» RECORDS PROVIDED
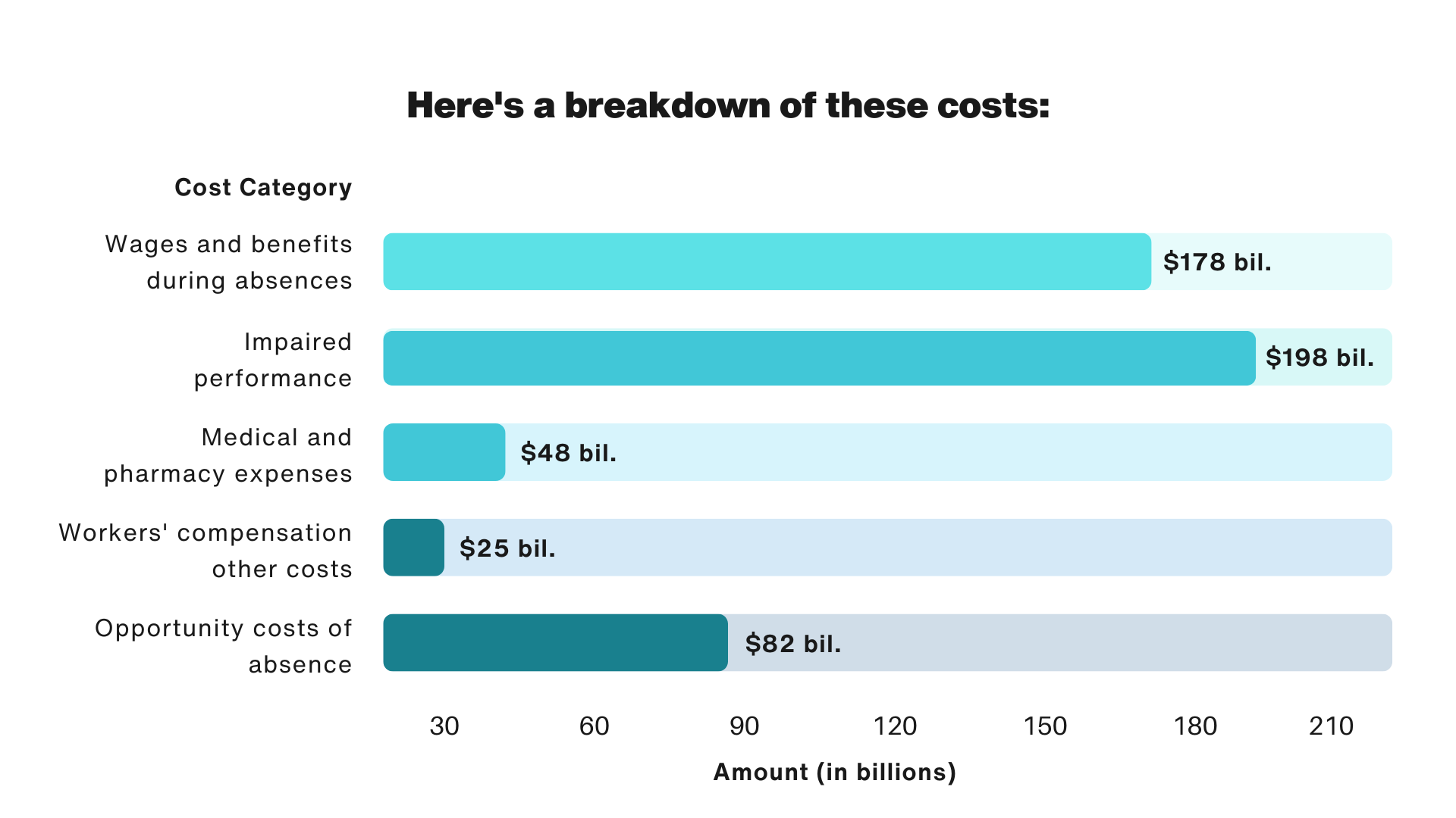 Absenteeism and poor employee health significantly impact U.S. businesses, leading to substantial financial losses. According to the Integrated Benefits Institute (IBI), in 2018, illness-related lost productivity cost U.S. employers approximately $530 billion annually. This figure encompasses various factors, including wages and benefits during absences, impaired performance due to chronic health conditions, medical and pharmacy expenses, workers' compensation costs, and opportunity costs from missed revenues and overtime.
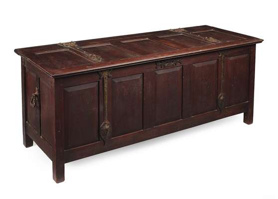 of rectangular outline with panelled hinged lid and sides, and with decorative iron hinges and side handles
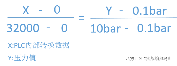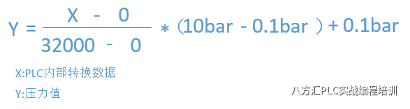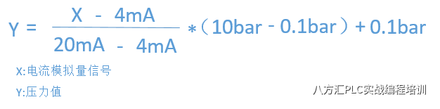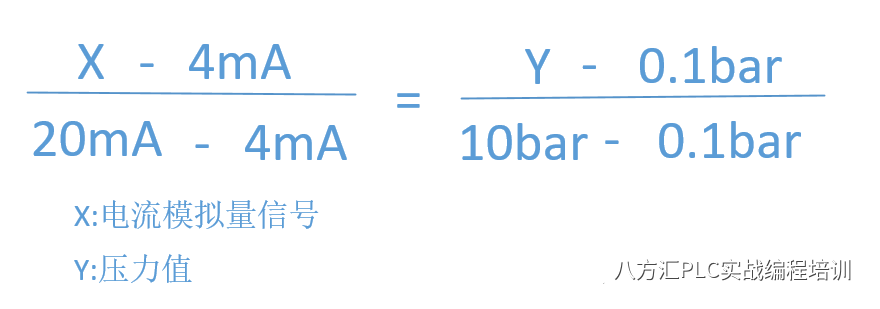 实际物理值与模拟量数据之间的转换方式同上面的转换方式相同。如下为某压力变送器的压力与模拟量信号范围(0.1-10bar,4-20mA),同样的,压力与电流之间有如下的转换关系公式:
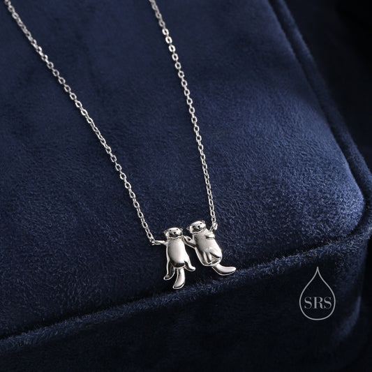 Tiny Otter Holding Hands Pendant Necklace in Sterling Silver, Silver or Gold or Rose Gold, Nature Inspired Animal Necklace
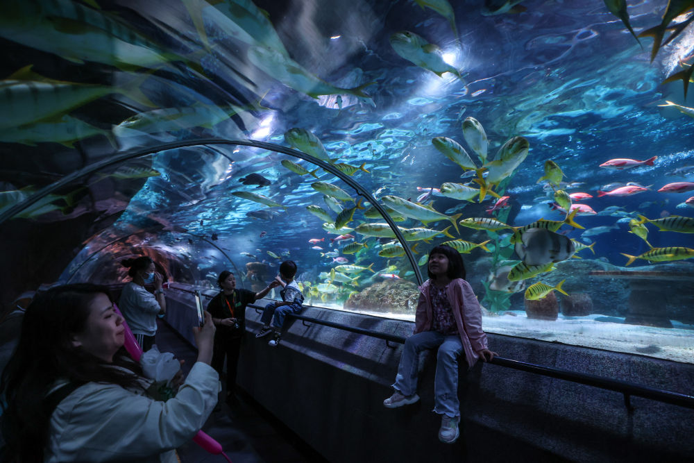 ↑游客在大连圣亚海洋世界观赏海洋鱼类(5月22日摄)。新华社记者 潘昱龙 摄

» WHAT YOU HAVE TO DO
From the line containing "of rectangular outline" down to the last line of the entries above, retype each line exactly as it stands, but skip the pictures.

» ANSWER SPACE
 of rectangular outline with panelled hinged lid and sides, and with decorative iron hinges and side handles
 实际物理值与模拟量数据之间的转换方式同上面的转换方式相同。如下为某压力变送器的压力与模拟量信号范围(0.1-10bar,4-20mA),同样的,压力与电流之间有如下的转换关系公式:
 Tiny Otter Holding Hands Pendant Necklace in Sterling Silver, Silver or Gold or Rose Gold, Nature Inspired Animal Necklace
 ↑游客在大连圣亚海洋世界观赏海洋鱼类(5月22日摄)。新华社记者 潘昱龙 摄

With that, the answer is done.